Brief Description of the Drawings

[57] FIG. 1 is a perspective view schematically illustrating a conventional Hensel coating machine used in the coating with an external additive.

[58] FIG. 2 is a perspective view schematically illustrating a Hensel coating machine provided with an apparatus for controlling a temperature of toner core particles in coating with an external additive.

[59] FIG. 3 is a scanning electron microscopic diagram illustrating surfaces of the toner core particles prepared by adding silica to the surface of the toner core particles under the conditions as described in Examples 1 and 2 and Comparative examples 1 and 2, respectively.

[60]

Best Mode for Carrying Out the Invention

[61] Hereinafter, the present invention will be described in detail.

[62] The present inventors have attempted to meet the above objects of the present invention, and found that it is necessary to increase a coating temperature so as to attain the same coating efficiency without excessively increasing a shearing force of a coating machine, and therefore the present invention was completed on the basis of the above facts.

[63]

[64] That is, the present invention is characterized in that toner core particles are coated with an external additive while maintaining a coating temperature to a temperature (preferably, 4O⁰C or above) that is lower than a glassification temperature (Tg) but higher than a room temperature and applying a shearing force to the toner core particles and the external additive in the coating with an external additive. The glassi- fication temperature may be easily measured using an analysis system such as DSC, DMA, TMA, etc.

[65]

[66] The present invention is designed based on the fact that, when the toner core particles are heated to a temperature where a binder resin constituting the toner core particles is not melted completely so as to give chain mobility to the binder resin, the external additive is easily introduced into the toner core particles to give excellent coating property without causing problems that the toner core particles are fused and condensed with other particles. When the coating temperature of the external additive is higher than the glassification temperature, physical properties of the toner core particles may be deteriorated, which leads later to the adverse effects on charging characteristics of the toner. On the contrary, when the coating temperature of the external additive is less than the glassification temperature (Tg), it is not easy to coat the toner core particles with the external additive since the chain mobility is not given to the binder resin constituting the toner core particles.
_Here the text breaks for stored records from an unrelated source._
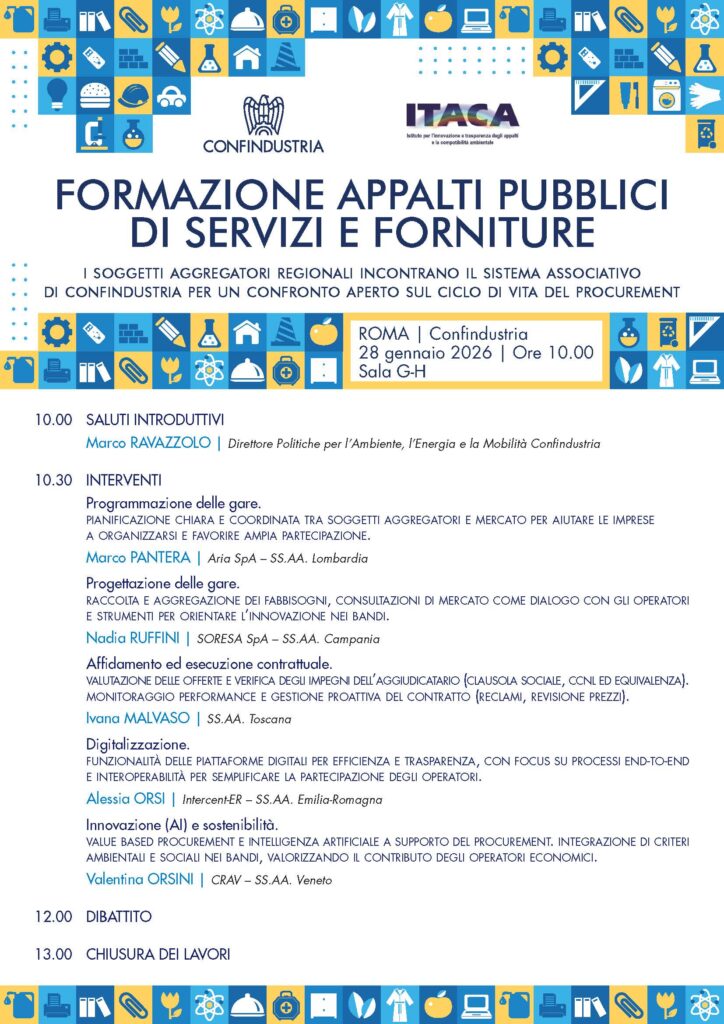 ANIP-Confindustria-Präsident Angelo Volpe nahm an einer Confindustria-Veranstaltung teil, die den vollständigen Lebenszyklus der öffentlichen Vergabe untersuchte — mit Fokus auf die Rolle regionaler Aggregatoren bei Dienstleistungs- und Lieferausschreibungen.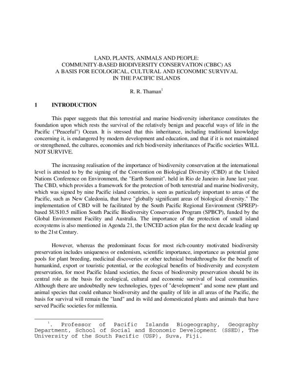 This paper suggests that this terrestrial and marine biodiversity inheritance constitutes the foundation upon which rests the survival of the relatively benign and peaceful ways of life in the Pacific ("Peaceful") Ocean. It is stressed that this inheritance, including traditional knowledge concerning it, is endangered by modem development and education, and that if it is not maintained or strengthened, the cultures, economies and rich biodiversity inheritances of Pacific societies WILL NOT SURVIVE.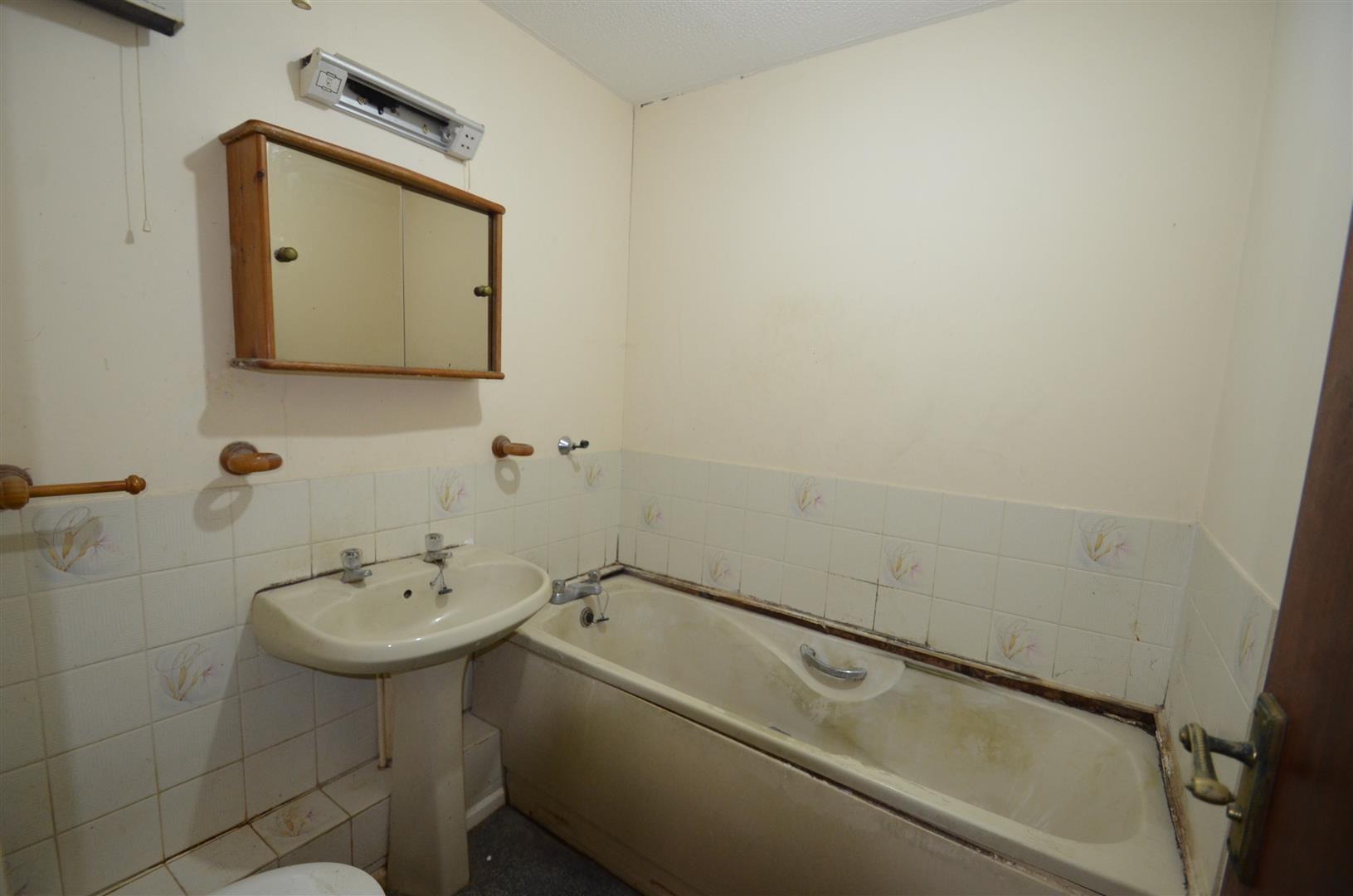 Suite comprising of panel enclosed bath, low level w.c, wash hand basin, part tiled walls.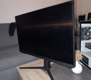 Meuble d'angle télé 68 x 68 Hauteur : 82 cm Bois blanc et marron Bon état Voir pour livraison.
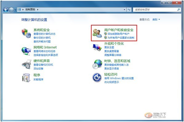 “控制版面”中選擇“用戶帳戶和家庭安全
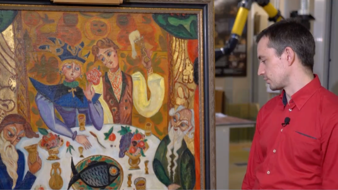 В итоге, кожа бювара смягчилась. Теперь специалистам предстоит замаскировать тонкой кожей трещины. После этого экспонат передадут в мастерскую реставрации ткани.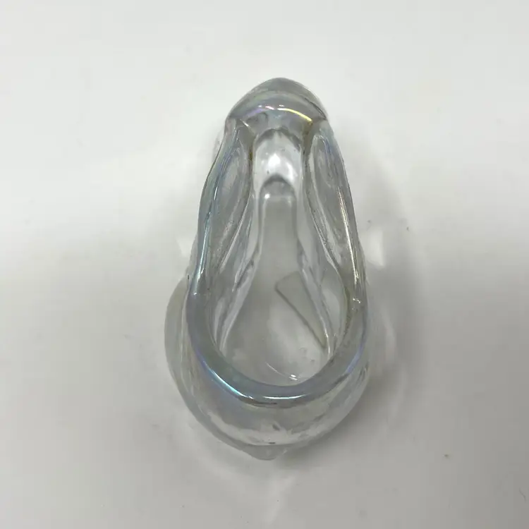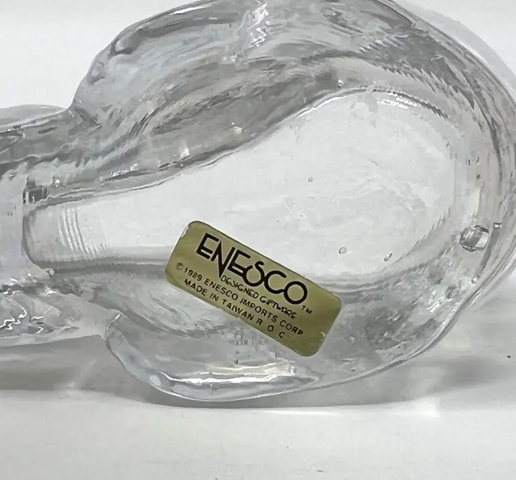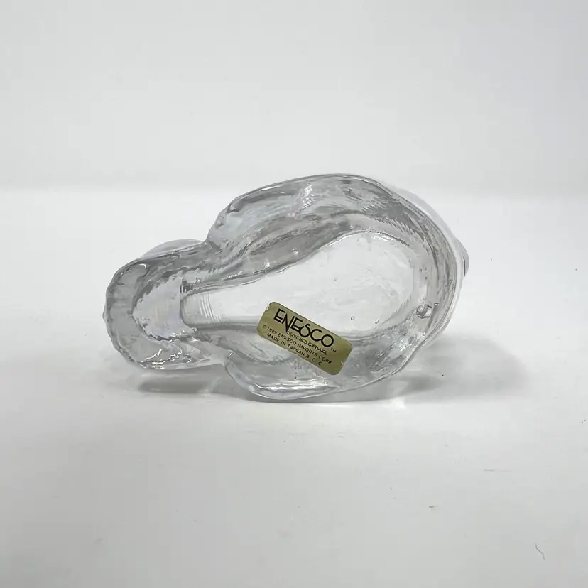 Molded clear glass bunny candle holder by Enesco, circa 1989 — clear body with a shifting iridescent luster that catches blue, green, and purple depending on the light. Original gold foil sticker intact on the base.
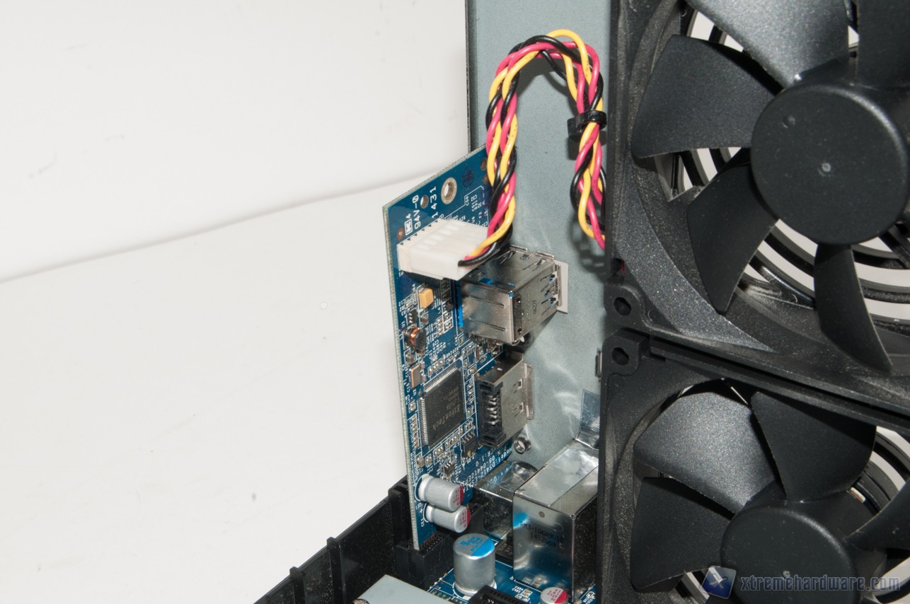 Scolleghiamo dunque i due cavi delle ventole da 92mm dalla schedina verticale e rimuoviamola facendo attenzione.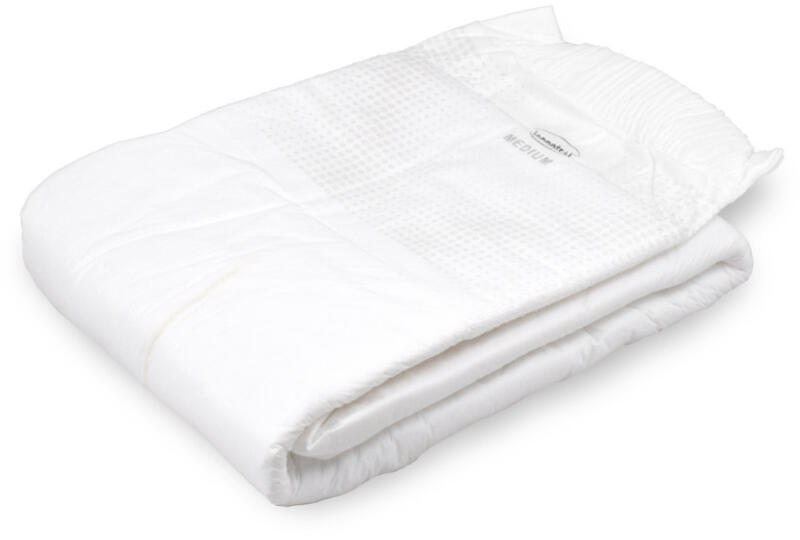 Fehér színű, fóliás külső borítású, L méretű felnőtt pelenka. Nedvszívó kapacitás 7500ml Derékbőség 84cm - 107cm Magas szivárgás védelem Megerősített elülső rész Négy ragasztószalag Szagvédelem Latex mentes Rugalmas derékpántok elöl és hátul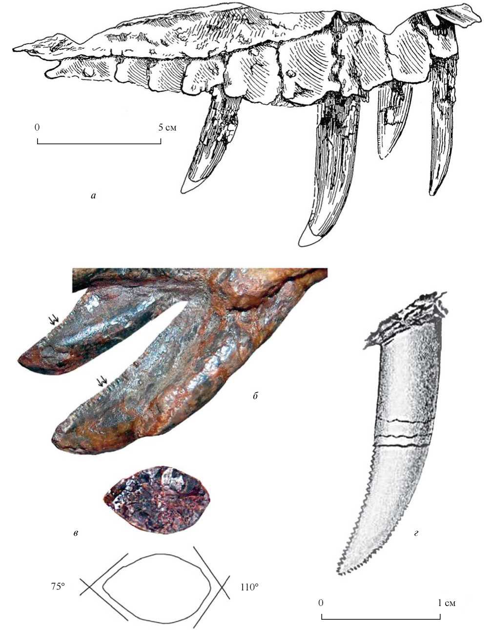 Рис. 8. а – прорисовка отпечатка правой верхнечелюстной кости крупной особи Ornithosuchus longidens (по: Walker, 1964); б, в — зубы правой верхнечелюстной кости Venaticosuchus rusconii: б — четвертый и пятый, вид с латеральной стороны, стрелками показаны зубчики на заднем режущем канте зуба, в — поперечный разрез первого зуба (по: Baczko et al., 2014); г — самый крупный зуб правой верхнечелюстной кости ювенильной особи Ornithosuchus longidens (по: Newton, 1894).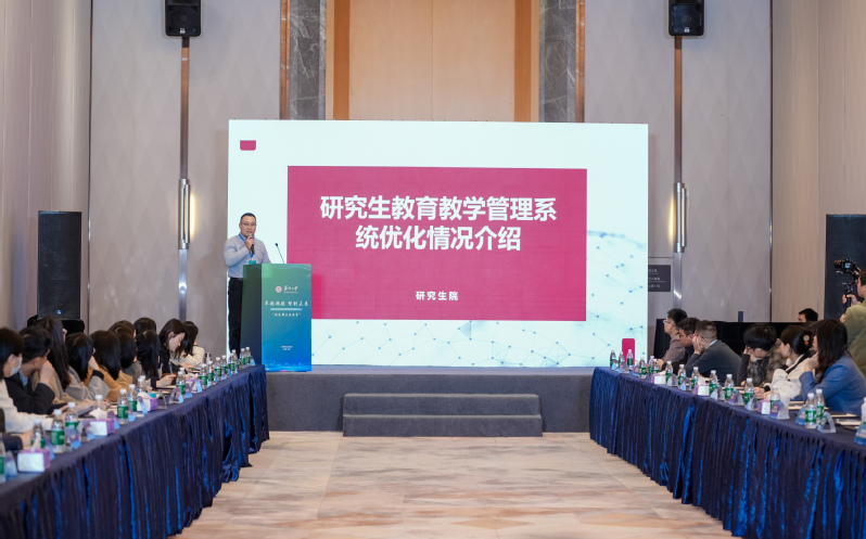 会上,研究生院质量监督办公室主任杨牧汇报研究生教育教学管理系统优化情况及培养手册优化说明。他详细介绍了各版块在功能升级、操作简化、数据整合方面的具体改进,并从“修订必要性”“核心内容”“使用方法”三方面,清晰解读手册优化要点,为基层培养单位工作提供指导。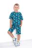 Klučičí set (Tričko + kraťasy) vyrobený z dvojitě pletené látky je perfektní volbou pro léto a teplé jarní dny. Jasně potištěné tričko má volný střih, který umožňuje svobodu pohybu, ideální pro každodenní nošení.. Kraťasy s měkkým elastickým pasem poskytují pohodlí a lehkost při aktivní hře nebo procházkách.. Tkanina je prodyšná, šetrná k pokožce a po vyprání drží tvar.. Stylový a praktický outfit pro vašeho malého dobrodruha!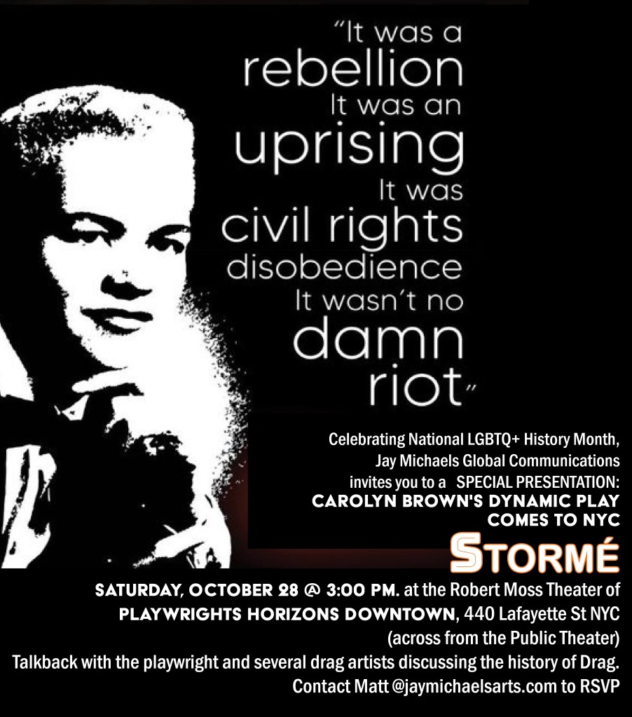 The play depicts these events in a way that begins harrowing but ends in victory, as Stormé seizes the moment and emerges a hero and an activist for the marginalized and oppressed.
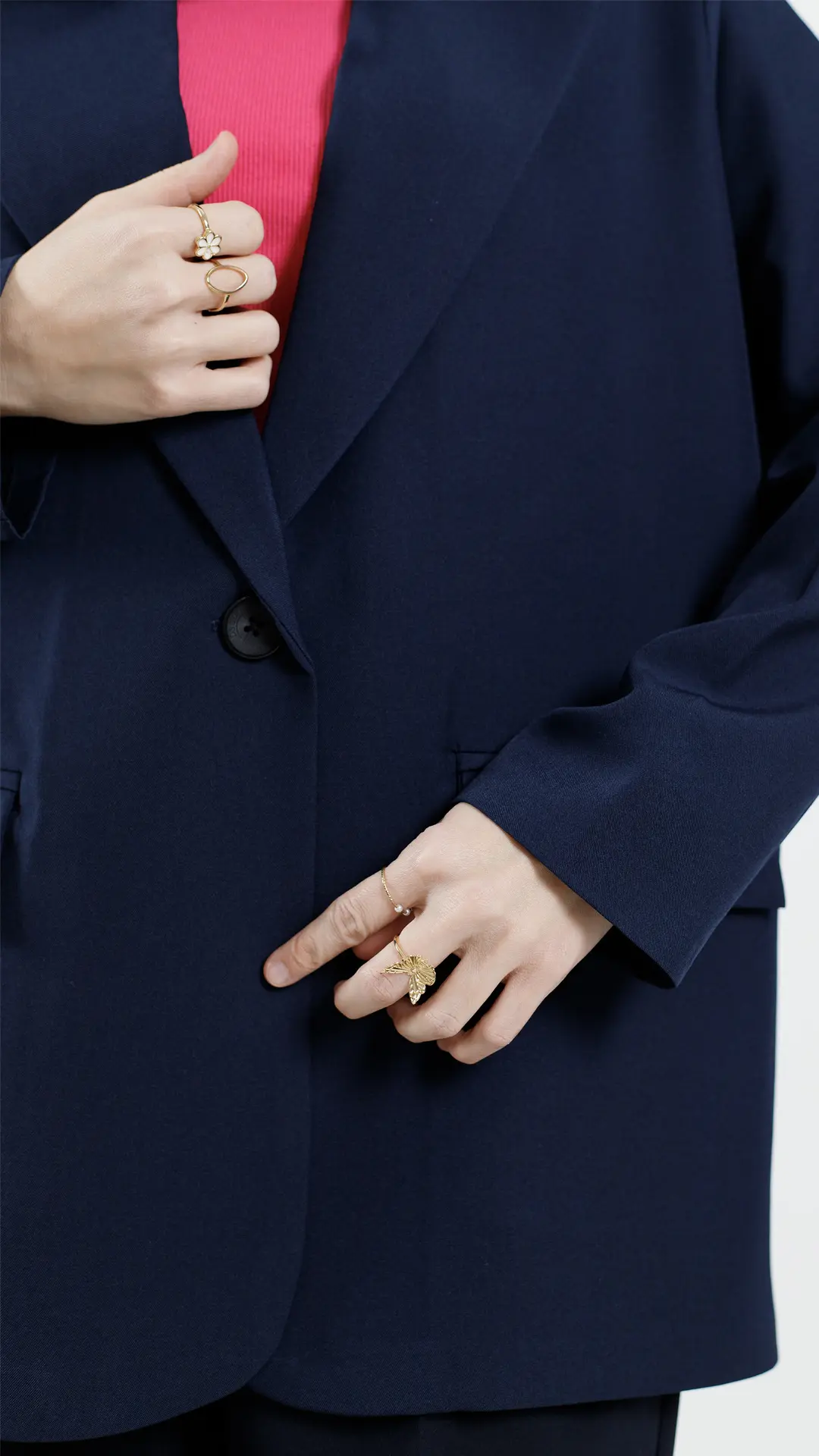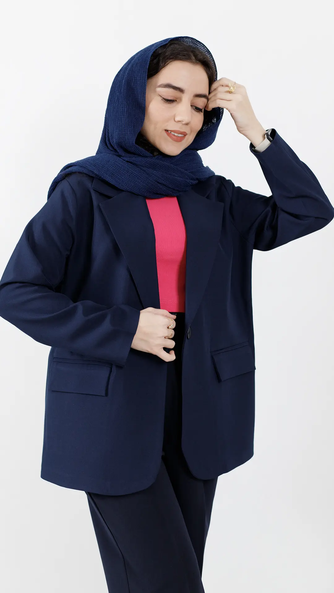 چاکهای جذاب کار و سرآستینهای دکمهخور و برگردان دوختشده، جلوهای خاص به کت داده.

Accordingly, the coating temperature is preferably set to a temperature range between a room temperature and a glassification temperature (Tg), preferably 4O⁰C or above.

[67]

[68] In this case, the coating method of toner core particles is preferably carried out using a HENSEL coating machine as shown in FIG. 1, and the Hensel coating machine 1 has a rotatable blade 2 installed inwardly in the bottom thereof, thereby giving a shearing force to the toner core particles and the external additive.

[69]

[70] However, the temperature of the toner core particles and the external additive should be necessarily maintained to the above-mentioned temperature range to give chain mobility to a binder resin, as described above. In this case, the temperature of the toner core particles and the external additive may be easily controlled by using various kinds of heat sources, particularly by supplying water of a constant temperature through a hose 3 from a constant temperature bath 4 as shown in FIG. 2, the hose 3 being installed in an outer wall of the coating machine. Also, the above-mentioned temperature-controlling method may be carried out in a manner where a coating machine is put into an oven, a constant-temperature bath, or the like and operated, and the coating temperature may be controlled in other manners.

[71]

[72] Also, all of external additives such as organic matters, inorganic matters, metal complexes or silica may be used in the present invention if the external additives are used in the field of the conventional production of toner as described above. As a result, the external additives that have been developed and proposed in the art may be used in the present invention, regardless of the kind of the external additives. However, examples of the external additive include 0.1 to 5 parts by weight of silica, 0.01 to 0.5 parts by weight of a TiO₂-based organic/inorganic complex, 0.01 to 0.5 parts by weight of a PMMA-based polymer, 0.01 to 0.5 parts by weight of an organic/inorganic complex including Mg and Zn, based on 100 parts by weight of the toner core particles.

[73]

[74] And if the temperature where the toner core particles are coated with the external additive is set to a temperature range required for the present invention, there is no particular limitation on the condition of the shearing force that is applied to coat the toner core particles with the external additive. That is, since the present invention is related to a technique of increasing a coating efficiency of an external additive under the same condition of shearing force, all the conventional conditions of shearing force may apply to the present invention. As one example of the conditions of shearing force, a shearing force may be applied to the toner core particles and the external additive at a rotational speed of 1000 to 7000 rpm.

[75]

[76] All of generally used toner core particles may be used herein, and it is particularly preferred to use toner core particles that meet the following conditions. However, it is carefully considered that the term 'toner core particle' used in the present invention means particles prior to addition of an external additive, and the term 'toner particles' means particles that include all of an external additive or other additives as well as the toner core particles.

[77]

[78] The process of producing toner core particles is carried out by adding a dispersant and optionally a surfactant to an aqueous solution to prepare an aqueous phase in a reactor, the dispersant functioning so that raw materials for toner core particles can be present as fine colloidal particles prior to a polymerization process; preparing a monomer complex in a respective operation; adding the monomer complex to the aqueous solution; pulverizing the monomer complex into fine colloidal particles by applying a suitable temperature (50-90⁰C) and shearing force to the monomer complex in the aqueous solution; and suspension-polymerizing the pulverized fine colloidal particles. Surfaces of the toner core particles prepared by the method according to the present invention are preferably crosslinked with each other. This crosslinking system is required for preventing the off-set phenomenon in a printing process and the degradation in storage stability, which are required for toners conventionally. [79]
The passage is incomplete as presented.